With spring around the corner, it’s time to start planning for Easter, Mother’s Day, and outdoor gatherings. When I think of spring, I am typically reminded of soft pastels, bouquets of daffodils, and grilled snapper on the open barbecue. Of course, in Texas, we weren’t as winter-weary as other parts of the country ―but we still welcomed the gentler hand of spring.
Years have passed since my spring times in Texas but we still come together with family and friends to celebrate nature, life, and a mother’s love. This year, look for nature to be one of the prevailing signatures of spring. My company recently provided the décor for a bride who loved nature. We translated that passion into wedding décor that featured a chuppah garlanded with foliage (the cover of the chuppah was made from cotton grown, picked, and ginned on the bride’s Mississippi family farm) and an actual tree stump that served as the wedding cake base. However, the most dramatic feature was the lush canopy ceiling treatment of Magnolia leaves suspended from a grid above the dance floor. A multitude of very large blooming branches created the appearance of a large arbor under which the guests dances. A host of iron lanterns ―each twinkling with candlelight ―was suspended from the grid of leaves and branches at various heights. The bride was thrilled at how we captured the essence of her personality with this nature-inspired wedding décor.

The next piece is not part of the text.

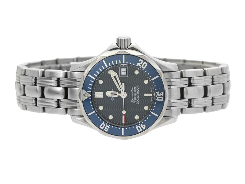 OMEGA, Seamaster, Professional (300m/1000ft), Cal 1424, Serie nr. 59072746, PIC nr. 2583.80.00, Ref nr. SU 596.1523, Boett nr. 596.1523 (LL), damur, 28 mm, stål, quartz, safirglas, datum, OBS: skadad krona/ställaxel, originallänk, viklås, Ref nr. 6501/827, cert (ej komplett), 2003, box, ytterkartong.

Spring menus will be bold, fresh, and organic. Utilizing locally grown fruits and vegetables straight from the farmer’s truck continues to be the most popular choice. Wild leeks, Vidalia onions, heirloom tomatoes, snap beans, yellow crookneck squash, peaches and blueberries are perfect springtime choices ― especially in response to clients’ requests more salads and healthier eating. Our Executive Chef was recently featured in Special Events Magazine for his “organic spoon-sized salads” composed of micro-basil, edible orchids, raspberry, caramelized Seckel pear, and pineapple relish with African blue basil.
In addition to fresh, organic, and creative ―“Mini” is also in. From gourmet mini burgers (photo courtesy of Lauren Ruebinstein) to cold shots of Vichyssoise ―it seems, bite-sized is the right size. “Petits fours literally fly off the trays at our events,” says Executive Pastry Chef Charles Barrett. Maybe smaller-sized desserts and pastries (photo courtesy of Ric Mershon) reduce the guilt. For some reason, serving smaller portions also seems to stimulate conversation. If you really want your guests to mingle, I suggest serving single, bite-sized hors d’œuvres.
For Mother’s Day I wouldn’t veer too far away from classic brunch dishes. Stacey Eames, owner of Atlanta’s trendy Highland Bakery says, “Our Crab Cake Benedict with sautéed spinach is by far our most popular Mother’s Day item. We’ve been at this location for over five years and Mom’s seem to order the same items year after year. I guess they like what’s familiar ― I find that to be very endearing.”
Easter fare can be a little more inventive. If you’re inviting guests, I suggest having the standard Honey glazed baked ham available so that those expecting it will not be disappointed. Do try an unexpected side dish like Orzo pasta salad or Cheddar Cheese Buns (extra delicious when served with ham slices and Dijon-styled or coarse German mustard). For dessert pick up something unique from your local bakery ―a Rhubarb almond crumble or Brazilian Carrot Cake ―quite different from the American version.
Regardless, of where you live or how frequently you entertain ― you’ll surely note this year’s bold, organic, locally-grown, miniature, alfresco, nature-driven, classic, colorful and creative signature of spring.